Finanziell schlägt das Programm zunächst zu Buche: BMW rechnet mit Einmalbelastungen von rund einer Milliarde Euro, während die eigentlichen Einsparungen erst ab 2028 greifen sollen. Als Auslöser gelten der eingebrochene China-Absatz, US-Importzölle sowie zunehmender Wettbewerbsdruck. Nach Reuters-Berichten war der China-Absatz im zweiten Quartal um rund 30 Prozent eingebrochen. Zudem sinken laut Unternehmensangaben die Entwicklungskosten, nachdem die aufwendige Plattform "Neue Klasse" weitgehend etabliert ist – ein Faktor, der Stellen in der Entwicklung überflüssig macht.

China-Schwäche trifft die gesamte Premiumklasse

BMW steht mit dieser Entwicklung nicht allein da. Auch Porsche kündigte am selben Tag an, bis 2035 rund 5.000 Stellen abzubauen, verknüpft mit einem Investitionsprogramm von 2,1 Milliarden Euro zur Standortsicherung. Der Sportwagenbauer meldete für das erste Halbjahr einen Auslieferungsrückgang von 16 Prozent, konnte den operativen Gewinn dank Kostenmaßnahmen aber um 30 Prozent steigern. Volkswagen erwägt Berichten zufolge sogar den Abbau von bis zu 100.000 Stellen, während der Branchenverband VDA vor einem Verlust von 225.000 Arbeitsplätzen bis 2035 warnt. Die Krise der deutschen Premiumhersteller scheint damit strukturell zu sein, nicht auf einzelne Unternehmen begrenzt.

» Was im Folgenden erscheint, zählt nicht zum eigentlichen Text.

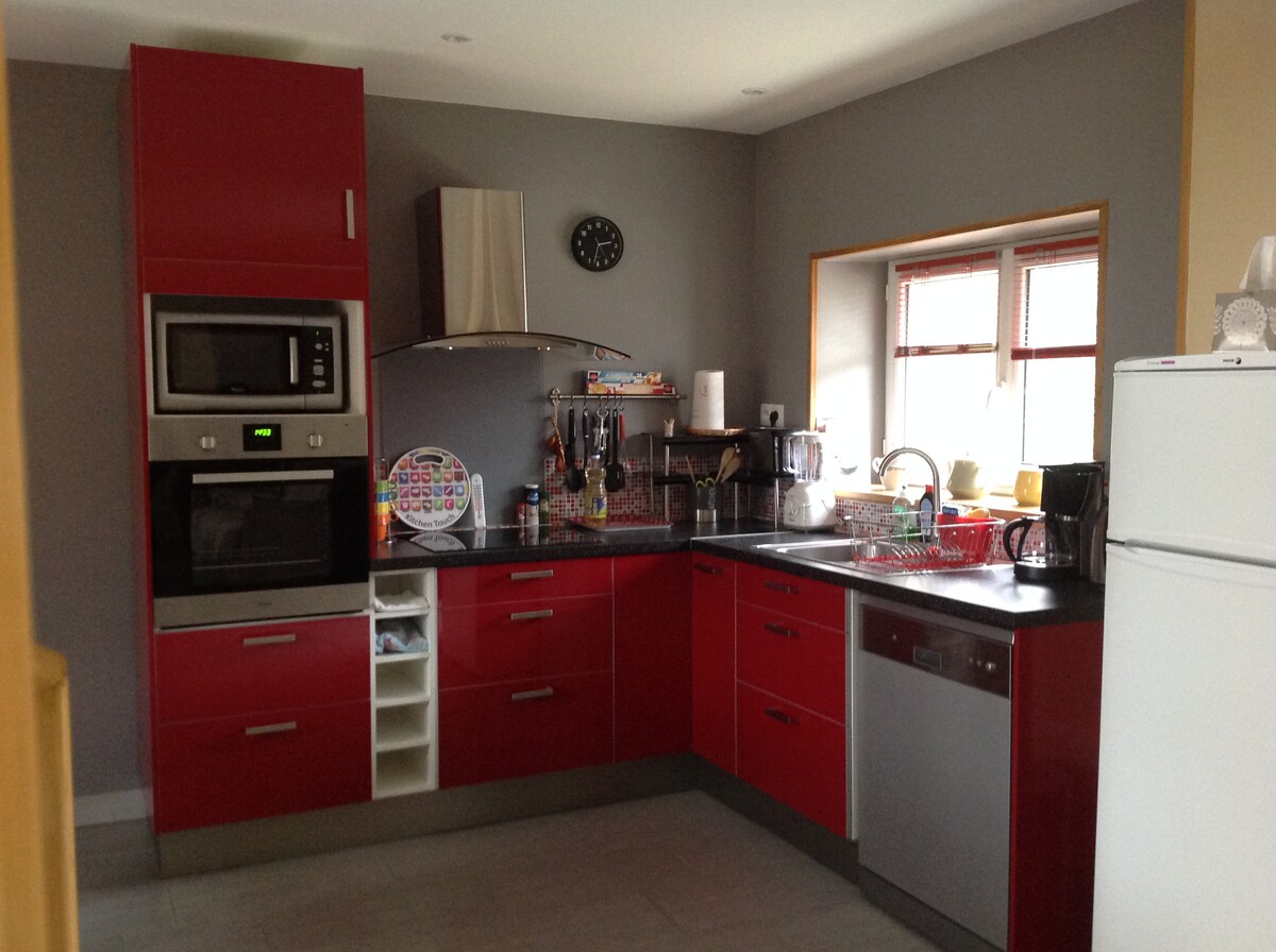 Completely renovated 90 m2 house in Benoîtville, 12 min from Flamanville and 22 min from the Orano factory. 2 bedrooms (2 beds 160 cm Bultex mattress and 1 bunk bed) and a bathroom with spacious shower upstairs. Large living room with fully equipped open kitchen (dishwasher, oven, large smart TV etc...) Laundry room with washing machine and dryer. Sunny outdoor space and parking space. Water, electricity and internet included.

Neben dem Stellenabbau meldete BMW am selben Tag eine strategische Partnerschaft: Qualcomm wird für das kommende Jahrzehnt zum primären Lieferanten von Rechenchips für digitale Cockpits und automatisierte Fahrsysteme. Die Vereinbarung baut auf der bestehenden Zusammenarbeit rund um die Snapdragon-Ride-Plattform auf, die bereits im Modell iX3 der Neuen Klasse zum Einsatz kommt. Finanzielle Details der Chip-Kooperation nannte BMW nicht.

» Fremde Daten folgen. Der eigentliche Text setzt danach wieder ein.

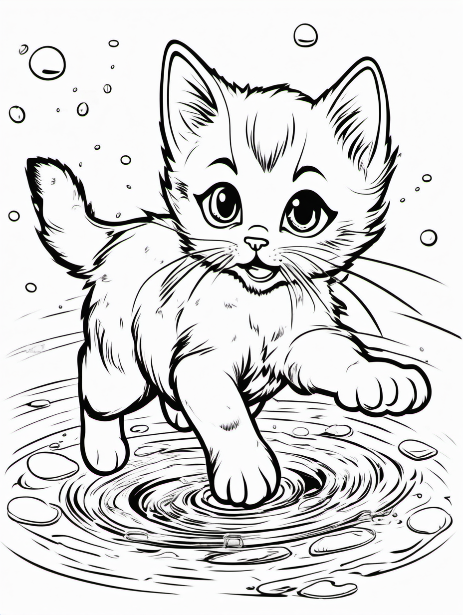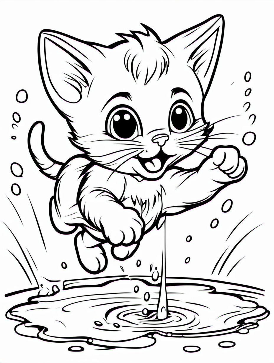 Energetic Kitten Jumping Over a Puddle Coloring Scene2

Blick auf die Halbjahreszahlen

Der Kursanstieg fällt in eine Phase erhöhter Schwankungsbreite: Die 30-Tage-Volatilität der Aktie liegt bei gut 26 Prozent, und das Papier bewegt sich mit einem Abstand von 7,91 Prozent noch in der Nähe seines am 24. Juli markierten 52-Wochen-Tiefs von 56,40 Euro. Richtungsweisend dürfte der morgige Donnerstag werden: Dann legt BMW seine Halbjahreszahlen vor. Im ersten Quartal war der Umsatz bereits um 8,1 Prozent auf 31 Milliarden Euro gesunken, der Nettogewinn brach um 23 Prozent auf 1,67 Milliarden Euro ein. Ob der jetzt eingeleitete Sparkurs reicht, um die China-Schwäche und die Folgen der US-Zölle zu kompensieren, dürfte sich in den kommenden Monaten zeigen.